● YOUR OBJECTIVE: Below are some entries. Repeat exactly the lines from the one with "This artwork reflects" through the one with "Также в дополнительных", and only those.

● EXERCISE DATA:
--- START ---
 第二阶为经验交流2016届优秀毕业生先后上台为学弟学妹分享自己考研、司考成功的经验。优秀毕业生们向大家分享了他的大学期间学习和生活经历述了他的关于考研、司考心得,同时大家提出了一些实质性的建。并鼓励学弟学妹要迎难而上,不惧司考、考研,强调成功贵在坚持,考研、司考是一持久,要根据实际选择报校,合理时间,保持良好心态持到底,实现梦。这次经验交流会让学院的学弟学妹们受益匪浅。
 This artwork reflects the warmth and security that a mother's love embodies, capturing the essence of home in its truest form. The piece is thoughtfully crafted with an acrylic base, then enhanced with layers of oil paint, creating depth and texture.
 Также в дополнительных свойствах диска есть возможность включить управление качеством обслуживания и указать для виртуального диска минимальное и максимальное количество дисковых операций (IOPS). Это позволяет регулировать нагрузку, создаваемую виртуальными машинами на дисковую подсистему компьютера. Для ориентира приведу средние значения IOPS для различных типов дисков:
--- END ---
--- START ---
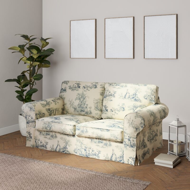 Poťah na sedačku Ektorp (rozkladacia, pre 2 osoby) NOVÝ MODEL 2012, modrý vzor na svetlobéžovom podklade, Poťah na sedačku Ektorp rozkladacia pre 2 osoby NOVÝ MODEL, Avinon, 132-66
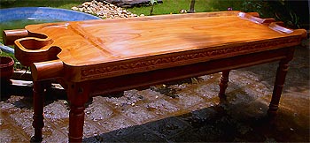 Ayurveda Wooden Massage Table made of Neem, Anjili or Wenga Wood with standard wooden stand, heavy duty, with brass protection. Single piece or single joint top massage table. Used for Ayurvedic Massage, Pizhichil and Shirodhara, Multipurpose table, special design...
--- END ---
● WRITTEN ANSWER:
 This artwork reflects the warmth and security that a mother's love embodies, capturing the essence of home in its truest form. The piece is thoughtfully crafted with an acrylic base, then enhanced with layers of oil paint, creating depth and texture.
 Также в дополнительных свойствах диска есть возможность включить управление качеством обслуживания и указать для виртуального диска минимальное и максимальное количество дисковых операций (IOPS). Это позволяет регулировать нагрузку, создаваемую виртуальными машинами на дисковую подсистему компьютера. Для ориентира приведу средние значения IOPS для различных типов дисков:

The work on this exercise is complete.